Сима перестал гладить ее руку и отрицательно замотал головой.
— Не умею я про женщин…
— Любить — научился, ну, и этому научись, — серьезно сказала женщина.
Приподнялась, села на постели и закачалась, обняв колена руками, думая о чем-то. Юноша печально осматривал комнату — всё в ней было знакомо и всё не нравилось ему: стены, оклеенные розовыми обоями, белый глянцевый потолок, с трещинами по бумаге, стол с зеркалом, умывальник, старый пузатый комод, самодовольно выпятившийся против кровати, и ошарпанная, закоптевшая печь в углу.
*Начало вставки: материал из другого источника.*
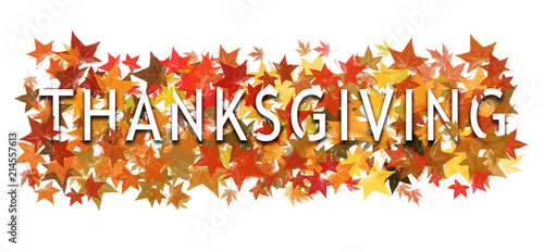 Thanksgiving text, word wrapped in and layered with autumnal leaves. Isolated on white.

Сумрак этой комнаты всегда — днем и ночью — был одинаково душен.
— Врешь ты! — задумчиво и медленно начала говорить Лодка. — Врешь, что не умеешь про женщин. Вон как про богородицу-то сочинил тогда:
Чтоб мир избавить ото зла,
Ты сына миру отдала.
Да! — Она вдруг как-то злобно оживилась и, щелкнув языком, прищурила глаза: — Да-а, а они, сукины дети, образованные, и про нее пакостные стихи составляют! Ух, свиньи!
Сима искоса посмотрел на ее обнаженную грудь и беспомощно задвигал руками, словно они вдруг помешали ему.
— Ты бы послушал, какие про нее стишки знает доктор, дрянь рвотная!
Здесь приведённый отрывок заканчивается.